[Supplied records — start]
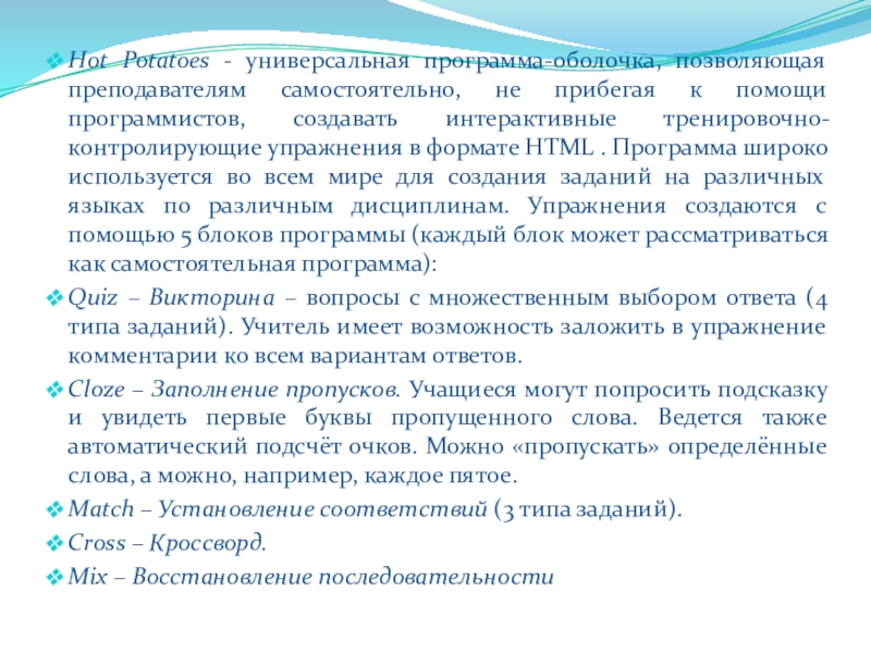 Слайд 25Hot Potatoes - универсальная программа-оболочка, позволяющая преподавателям самостоятельно, не прибегая к
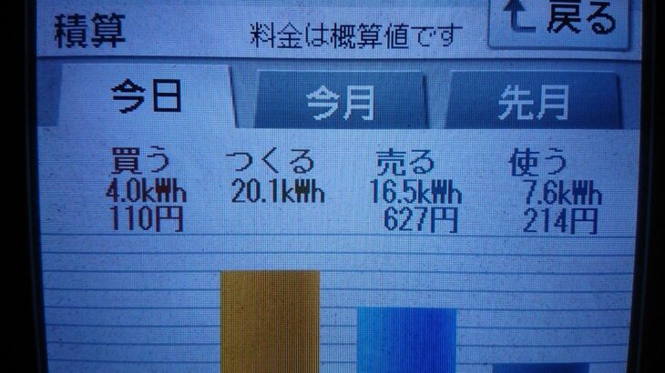 パナソニックHIT240 5kW2020/9/16の太陽光発電量 20.1kWh…
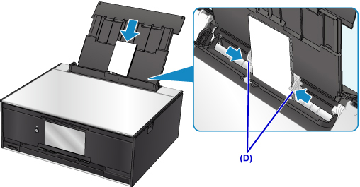 Slide the paper guides (D) to align them with both sides of the envelopes.
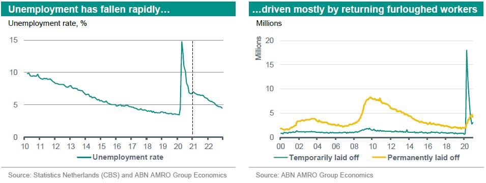 In addition to much milder lockdown restrictions, consumers have also surprised in their ability to substitute away from spending on restaurants and bars to higher physical goods consumption. This has likely been spurred by aggressive fiscal support, including two rounds of stimulus checks totalling $1800 per person (distributed to all but the highest earners), as well as generous top-ups to unemployment benefits that meant up to 40% of workers had been financially better off than when they were employed.
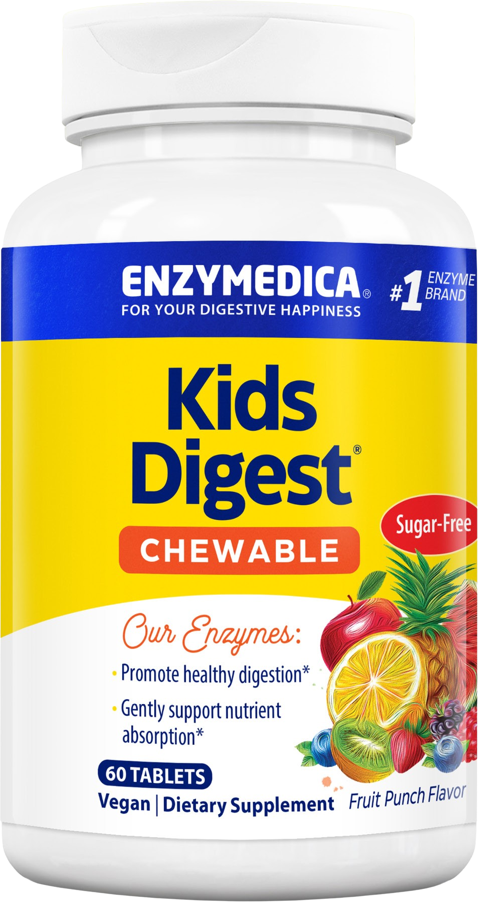 Kids Digest® Chewable contient une sélection ciblée d’enzymes, adaptée à la dégradation des glucides, des graisses, des fibres alimentaires et des protéines. Les comprimés à mâcher séduisent par leur goût Fruit Punch adapté aux enfants et utilisent la technologie Thera-blend® afin que les enzymes puissent rester actives sur l’ensemble du spectre de pH de l’organisme. La formule est sans sucre et soutient l’assimilation des repas quotidiens. Les comprimés sont entièrement végétaux, sans soja ni produits laitiers, et fabriqués sans recours aux organismes génétiquement modifiés.
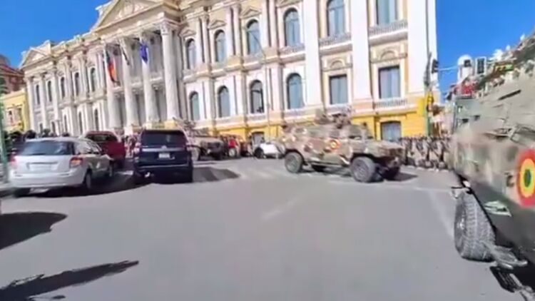 На первом видео – танк въехал на территорию президентского дворца в Ла-Пасе, на следующих – войска, которые подчиняются мятежному генералу Суньиге, ломают двери, чтобы попасть в дворец правительства в городе Ла-Пас с помощью бронетехники.
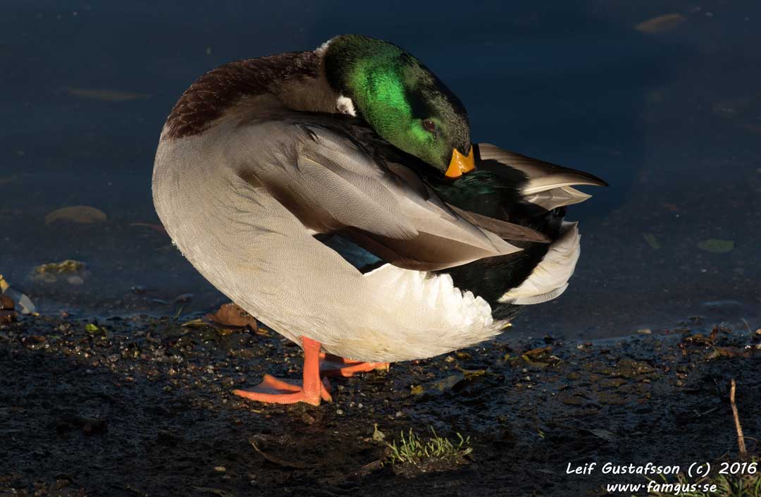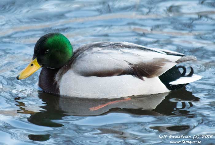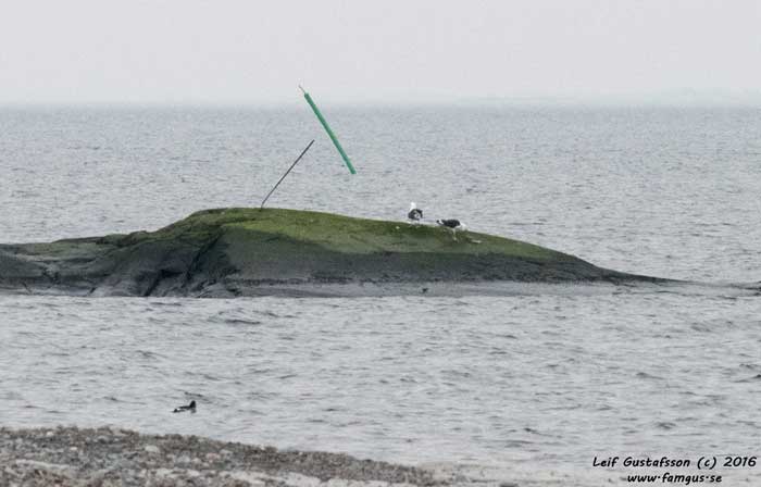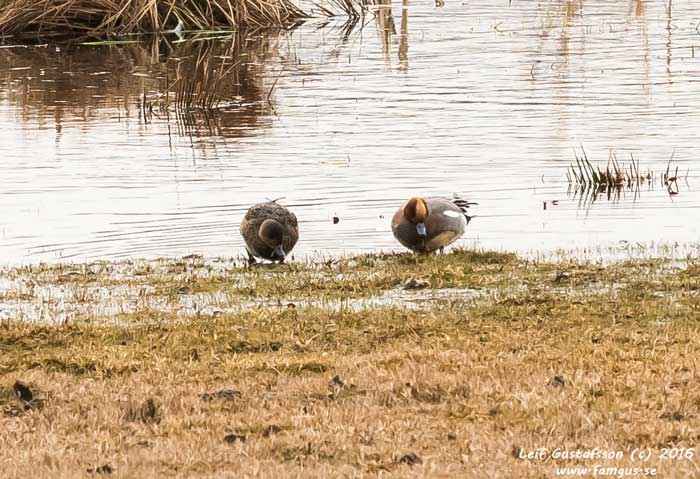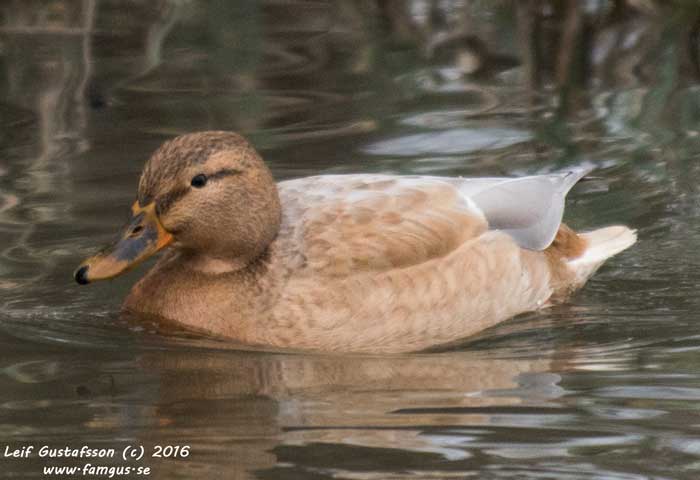 På vägen tillbaka såg vi en lustigt färgad Gräsand. La ut en bild på SOF's frågespalt och fick svaret: "Denna individ är leucistisk och saknar det svarta-gråa pigmentet eumelanin, medan feomelaninet finns kvar". Fågeln ser du här nedan.
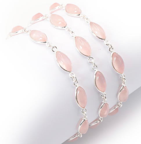 ARMBAND Silber mit Rosenquarz - Naturstein oval
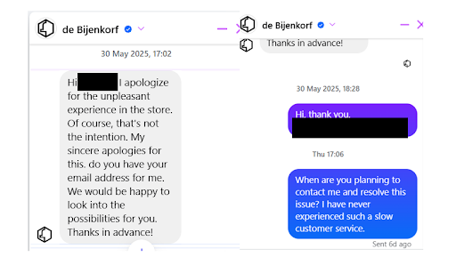 In the image you can actually see what has happened in few weeks, technically nothing. I hope that De Bijenkorf actually reaches out to me to fulfill their promises..
[Supplied records — finish]
* _Assigned task_
What is needed is an exact restatement of every line from the one containing "На первом видео" through the last line of the records, pictures left out.

* _Output for this task_
 На первом видео – танк въехал на территорию президентского дворца в Ла-Пасе, на следующих – войска, которые подчиняются мятежному генералу Суньиге, ломают двери, чтобы попасть в дворец правительства в городе Ла-Пас с помощью бронетехники.
 På vägen tillbaka såg vi en lustigt färgad Gräsand. La ut en bild på SOF's frågespalt och fick svaret: "Denna individ är leucistisk och saknar det svarta-gråa pigmentet eumelanin, medan feomelaninet finns kvar". Fågeln ser du här nedan.
 ARMBAND Silber mit Rosenquarz - Naturstein oval
 In the image you can actually see what has happened in few weeks, technically nothing. I hope that De Bijenkorf actually reaches out to me to fulfill their promises..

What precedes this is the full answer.